This Is How Long It Actually Takes To Shoot An Episode Of Bar Rescue

Have you ever walked into a bar that feels like the exact opposite of the Cheers theme song? A cheerless hellhole where you don't want to know anyone's name, and you just regret you came? Maybe it made you want to drink just so the establishment becomes attractive to your booze-confused eyes? The reality series Bar Rescue taps into that feeling and cranks it up to 11... thousand.

A show that might be best described as "alcoholic schadenfreude," the Bar Rescue invites viewers to see awfulness that not even the strongest prescription beer goggles can distort. Armed with withering criticisms and enough screaming to make Al Pacino wince, host Jon Taffer is tasked with being the saving grace of the graceless — places plagued by vermin, moldy ice, and fruit-fly-filled bottles, unconscionable filth, and dangerously undercooked food, per the Paramount Network. Places dumb enough to dub themselves Fatballs, according to Bar Rescue Updates. Places that clearly have no business being in business.

How long does it take to film the rescue mission that gets distilled into a single episode?

Rescuing a weak bar in under a week

Trying to save a bar from itself seems like a herculean task, especially when that bar is basically the business equivalent of a Darwin Award winner. Bar Rescue recruits experts to help employees unlearn staggeringly bad habits and acquire skills they need to reverse their bar's slow-motion implosion. That's got to take months or at least weeks of filming, right? Wrong.
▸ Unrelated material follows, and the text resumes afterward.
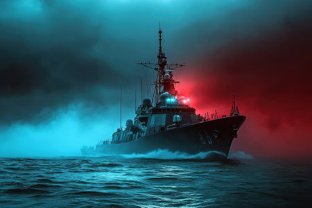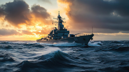 A dramatic shot of a large military ship patrolling the ocean, with a powerful silhouette against a stormy sky and turbulent waves creating a sense of motion.
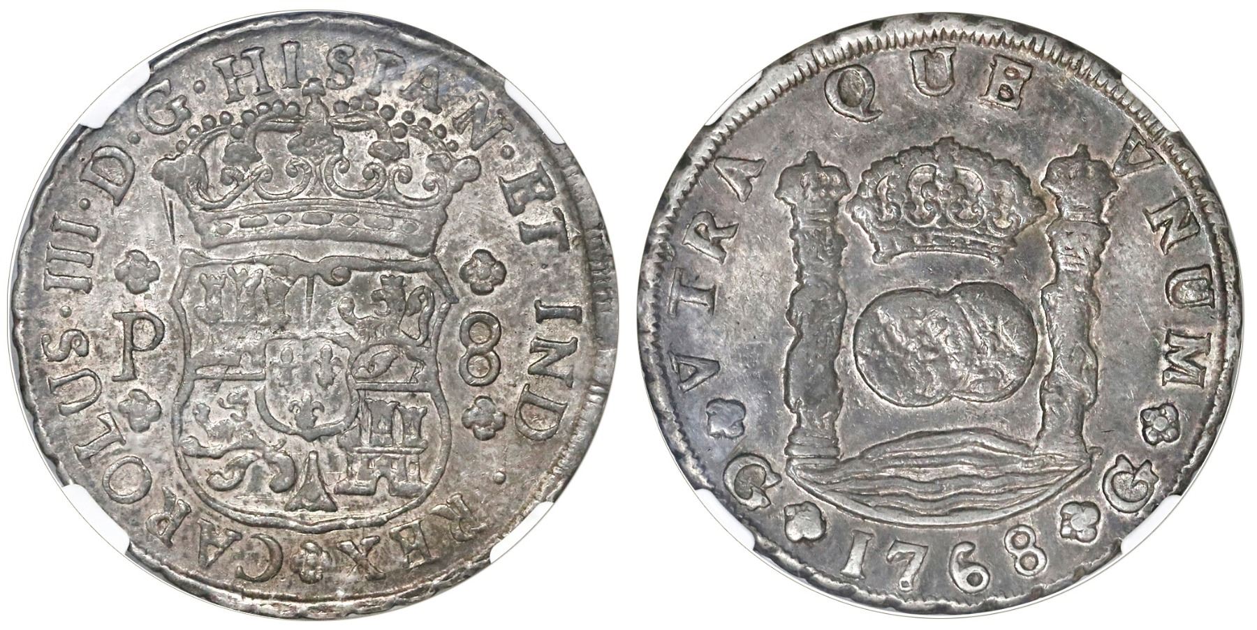 Guatemala, pillar 8 reales, Charles III, 1768P, NGC AU 50. KM-27.1; CT-817. Lightly toned all over, nice strike with remaining luster, choice strike. NGC #4494590-014.

"We shoot for five days," Jon Taffer explained during a 2015 Q&A. The first day is dedicated to observing the bar from afar and comparing it to the local competition. The second day is "the most brutal." Brutal for the bar owner, that is. Taffer basically uses that day to say how much the bar sucks, grinding whatever sense of self esteem an owner might have had into a fine powder that gets vacuumed up — possibly by all the bar's sucking — and tossed in the garbage. Days 3 and 4 are when the experts take the reins. And the last day is when everything comes together for "the big reveal."

That's not a long time to save a sinking ship, and Screen Rant wrote in June 2020 that a little more than half the establishments (74 out of 166) have gone under so far. Considering that they couldn't clear even the lowest bar of acceptability to begin with (if the show is to be taken at face value), saving even half these disasters is a minor miracle.